Just got the first chance to use the TRV coming in from the lot this week. Man! What a pleasure walking in with that vs. the old boot bag with the shoulder digging strap.


----------



## Rushski (Jan 20, 2007)

The Transpack works great and by the amount I'm seeing in lodges this year, people are loving them!

Of course mine is all black and I'll have to find a way to mark it to be easier to find...


----------



## Sky (Jan 20, 2007)

Sorry I missed out on this thread earlier.

I've had a Transpack for three? seasons now.  Christmas gift!  LOVE IT!  I have some crappy older "nylon" boot bag that I still keep for "alternate" weather gear....extra socks, warmer jacket liner, glove inserts, warmer ski pants, fleece pants (for when it's super cold), etc.

So I toss that in the truck....but draw from it as needed and leave it in the truck.  The Transpack holds everything else (except my coat...I wear that).  My sole length is 361.

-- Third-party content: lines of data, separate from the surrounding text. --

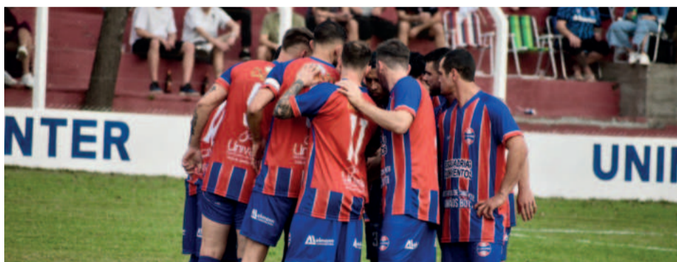
Nova Berlim perdeu na estreia
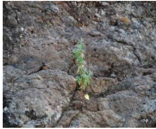
Imagen 7. Plántulas del turmero peludo ( Helianthemum bystropogophyllum ) que han sobrevivido al ramoneo de las cabras gracias a los vallados.

Por otro lado, se ha realizado un seguimiento de las poblaciones, tanto de la recuperación de los individuos adultos después del fuego como de la regeneración natural de las mismas. Se ha realizado el seguimiento de las poblaciones de la jarilla de Inagua ( Helianthemum inaguae ), el turmero peludo ( Helianthemum bystropogophyllum ), la cresta de gallo ( Isoplexis isabeliana ), el rosalillo ( Dendriopoterium pulidoi ), la siempreviva de Amargo ( Limonium sventenii ), la retama ( Teline rosmarinifolia rosmarinifolia ), la bella de risco ( Scrophularia calliantha ), la salvia ( Sideritis sventenii ), Crambe scoparia , y Limonium vigaroense , constatándose una recuperación óptima de las mismas (incluso se han mejorado los datos previos al efecto del fuego, como es en el caso de la jarilla de Inagua y la cresta de gallo).
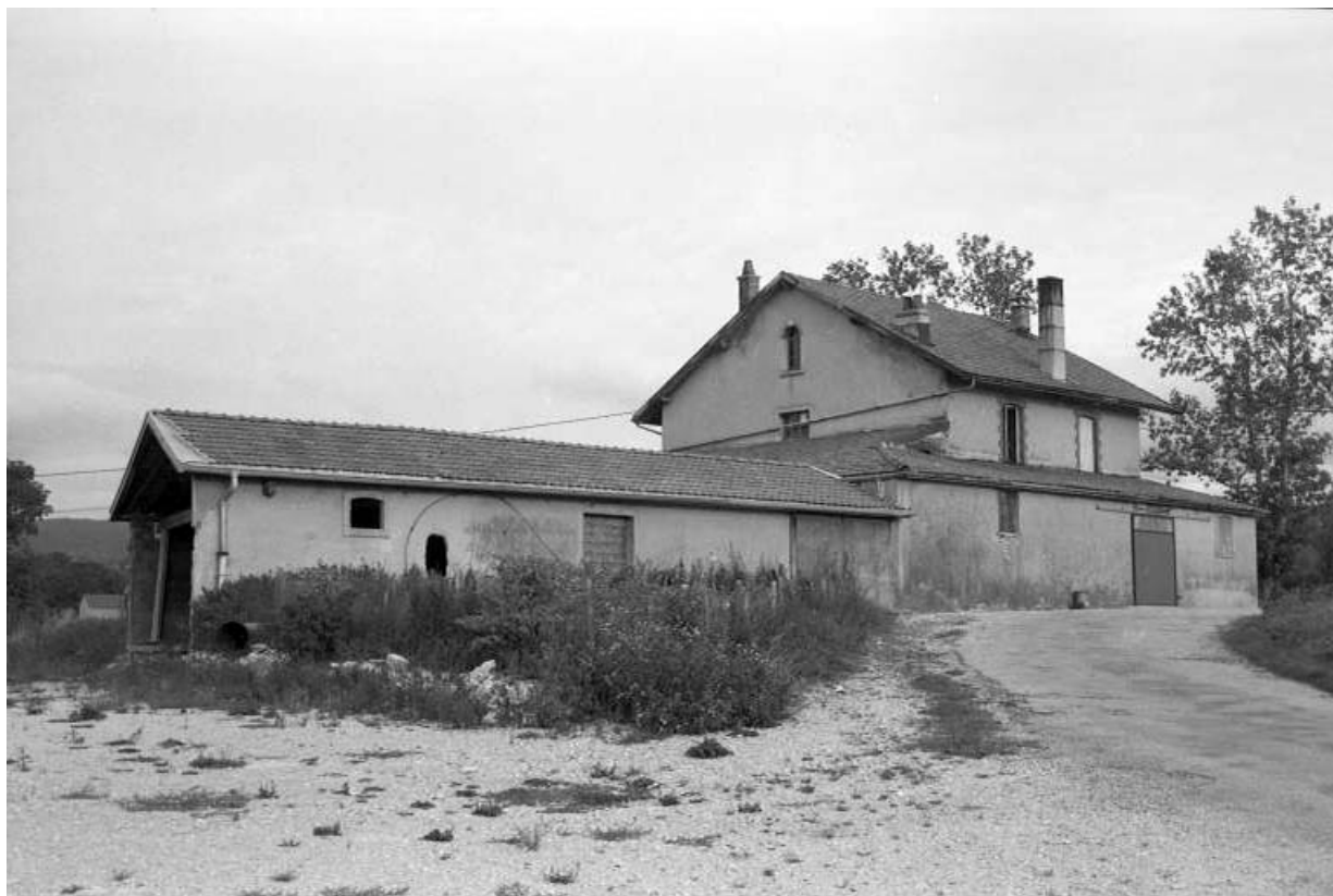
Façades postérieure et latérale gauche, et bûcher.
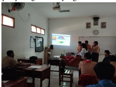
Gambar 1. Pemilihan Topik Ceramah

Pelaksanaan pembelajaran diawali dengan tahapan awal discovery learning , yaitu pemberian rangsangan ( stimulation ). Pada tahap ini, guru menyampaikan penjelasan mengenai materi teks ceramah, contoh teks ceramah, dan contoh video ceramah singkat dengan bantuan power point untuk memperkuat pemahaman siswa. Kegiatan ini bertujuan untuk menumbuhkan rasa ingin tahu dan mempersiapkan siswa sebelum masuk ke tahap identifikasi masalah. Tahap selanjutnya adalah problem statement , yaitu siswa diberikan ruang untuk mengajukan pertanyaan terhadap materi yang belum dipahami. Guru memfasilitasi diskusi yang bersifat eksploratif, memberikan stimulus pertanyaan pemantik, dan menciptakan suasana pembelajaran yang dialogis. Hasil observasi menunjukkan bahwa sebagian besar siswa aktif mengajukan pertanyaan, menandakan bahwa proses berpikir kritis telah terbangun sejak awal kegiatan. Pada tahap pengumpulan data ( data collection ), siswa dibagi menjadi beberapa kelompok yang terdiri dari empat sampai lima orang. Setiap kelompok menentukan topik ceramah yang akan dikembangkan, pemilihan topik dilakukan dengan cara menggunkan spin. Aktivitas ini tampak pada gambar 1 yang mendokumentasikan siswa saat memilih topik secara acak.
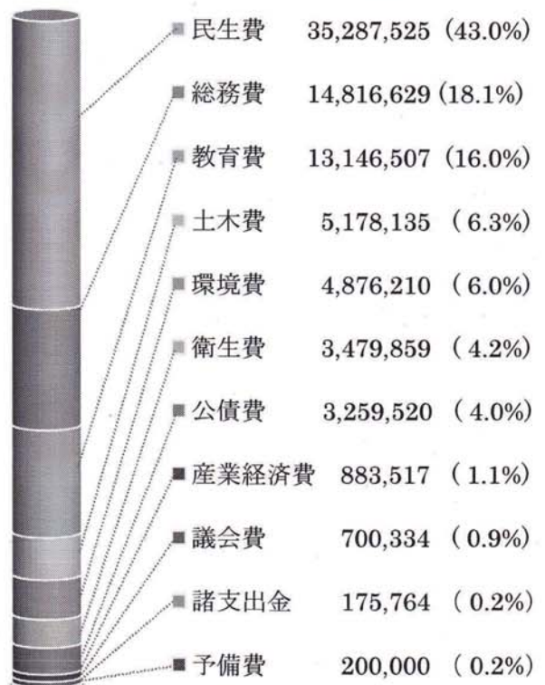
一般会計歳出予算案内訳 (単位:千円)

平成23年度一般会計歳入予算は、長引く不況や「デフレ」の影響のため、歳入の大半を占める 区民税が388億1300万円余 と、22年度の414億8700万円余に比べ 6.4% 、額にして約 26億7400万円の大減 となります。昨年も42億円弱の減収であり、三位一体改革の激変緩和措置による都区財政調整特別交付金30億円も22年度で終了となったことから、 2年間で100億円近い大減収 です。こうした中、本区では子育て支援や高齢者福祉を重点項目として、複数年度を視野に入れた予算配分となっています。一般会計予算案の歳出の項目ごとの額と割合は次の通りです。
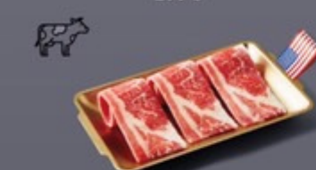
K02 เนื้อส่วนท้อง US US Brisket เนื้อส่วนท้อง US 199 ฿

One thig I discovered...and due mostly to my Herman Munster-sized boots......I have to put the boots in first THEN jam the center with my other goo...helmet last.


----------



## BeanoNYC (Jan 20, 2007)

Glad you like it Greg...It certainly makes the trek from the car a lot easier.


----------



## Ski&Ride (Feb 7, 2007)

Another thumbs up for the Transpack.  After years of using a basic duffel bag (no one will steal an old crappy all black duffel bag), I picked up the XT1 this year and love it.  Only bought a new bag because it was too hard to carry my gear and my kids skis as well.  The deal I made with my kids when we started skiing as a family last year is that they needed to carry their own bags.  Now I want to buy the the smaller Transpacks for them  so they can carry their own skis as well.


----------



## dropKickMurphy (Mar 6, 2007)

Just bought the TRV for myself and a blue floral XTW for my daughter. Both appear to be very well designed and constructed. Can't wait to try them out this weekend.

I did a bit of searching online and found the best price at http://www.iskishop.com which is Inverness Ski Shop in Waitsfield, VT.

They have the TRV for $71.96, the XT-1 (and XTW) for $47.96. They didn't charge me any shipping (free on orders > $100) and they were at my door 2 days after ordering.


----------